Check 1: Verify SMTP configuration is loaded

Terminal window
docker logs <container-name> 2>&1 | grep -i smtp

Look for:

  • [Email] SMTP configured successfully (good)
  • [Email] SMTP_HOST not configured; email delivery disabled (bad - check env vars)

Check 2: Test SMTP connection

Terminal window
docker exec -it <container-name> bash
bundle exec rake email:test_simple

Check 3: Review application logs

Terminal window
docker logs -f <container-name>

Look for SMTP errors like:

  • Net::SMTPAuthenticationError - Wrong username/password
  • Net::SMTPFatalError - Wrong SMTP settings (host/port)
  • Errno::ECONNREFUSED - Can’t reach SMTP server (firewall/network issue)
Net::SMTPAuthenticationError: 535 Authentication failed

Solutions:

  • Verify username/password are correct
  • For Gmail/Google Workspace: Use app-specific password, not regular password
  • For SendGrid: Username must be literal string apikey
  • Check if 2FA/MFA is enabled - may need app password
Errno::ECONNREFUSED: Connection refused - connect(2)

Solutions:

  • Check if SMTP_HOST is reachable from Docker container
  • Verify firewall allows outbound connections on SMTP_PORT (usually 587)
  • Check if using correct port (587 for TLS, 465 for SSL, 25 for plain)
OpenSSL::SSL::SSLError: SSL_connect returned=1 errno=0

Solutions:

  • Set SMTP_ENABLE_STARTTLS_AUTO=true for port 587
  • Set SMTP_ENABLE_STARTTLS_AUTO=false for port 465
  • Try different port (587 vs 465)

Once configured, Kordon sends these automated emails:

Schedule: Every Monday morning
Recipients: Users who haven’t disabled notifications
Content:

  • Overdue tasks assigned to user’s groups
  • Tasks due in the next 7 days
  • Direct links to each task

Configuration: Users can enable/disable in their profile settings

Schedule: Summary of assignments every ~10 minutes Recipients: Users who haven’t disabled notifications Content: List of new items assigned to the user.
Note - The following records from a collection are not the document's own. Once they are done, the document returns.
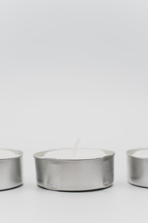 row of white scented wax tea lights on a white tabletop with copy space
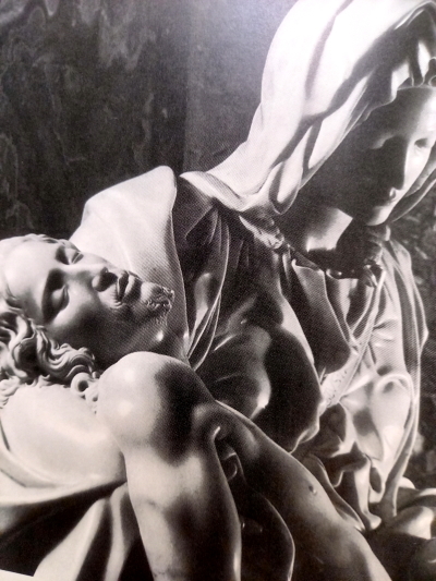 -久遠に若い「処女」の膝の上に、死せるキリストは眠れるように横たわっている。清純なる女神と受難の神の顔には天上の端厳さが漂っている。けれどもまたそこには言い現わしがたい憂愁が溶け、二つの美しい姿を浸している。悲哀がミケランジェロの魂に乗り移ったのであった。
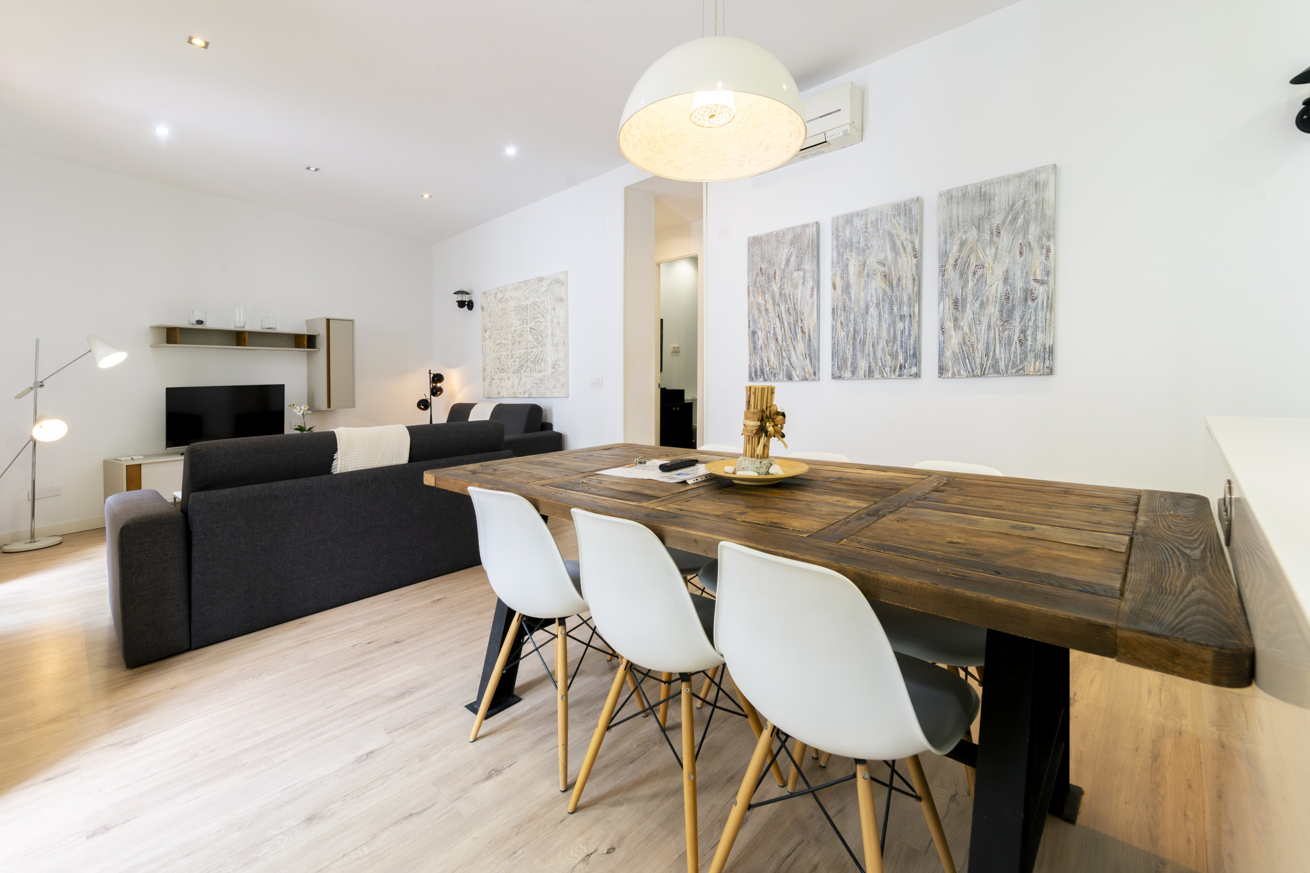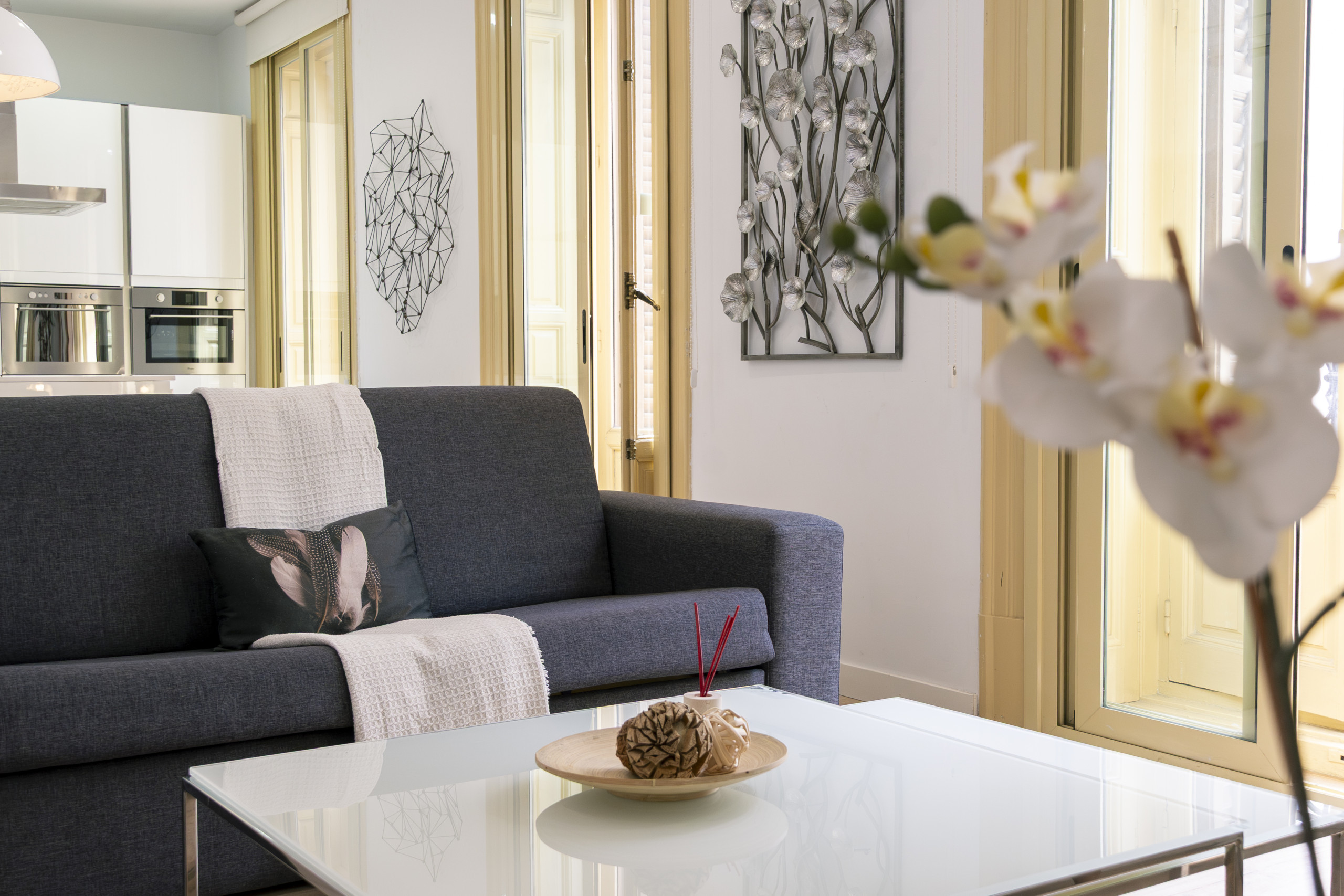 The apartment consists of open plan kitchen, living room, 2 bathrooms with shower and two spacious bedrooms. It is newly renovated and furnished with modern, minimalist style. The appliances are modern and are perfectly integrated into the design. The bedrooms are spacious and bright with double glazing. Beds are 150cm, Queen Size

Configuration: Users can enable/disable in their profile settings

The assignment notification system uses smart batching to prevent email spam when multiple items are assigned in quick succession. Instead of sending an email for each individual assignment, the system waits for a 10-minute quiet period after the last assignment before sending a single consolidated email. How it works:

  • When a user is assigned to an item (as owner, manager, or assignee), the system creates or updates a PendingNotification record and schedules an AssignmentNotificationJob to run in 1 minute.
  • The job checks if 10 minutes have passed since the last assignment. If new assignments have arrived within that window, the job reschedules itself and waits another minute to check again.
  • Once the 10-minute window has elapsed with no new assignments, the job verifies that all assignments still exist and are still valid (the user is still assigned), then sends a single email containing all assignments grouped by type (Controls, Risks, Assets, etc.).
  • If assignments are removed or the user is unassigned before the email is sent, those items are automatically filtered out during the verification step.

This approach ensures users receive timely notifications without being overwhelmed by email volume during bulk assignment operations, while using the database as the source of truth to handle concurrent updates and job retries gracefully.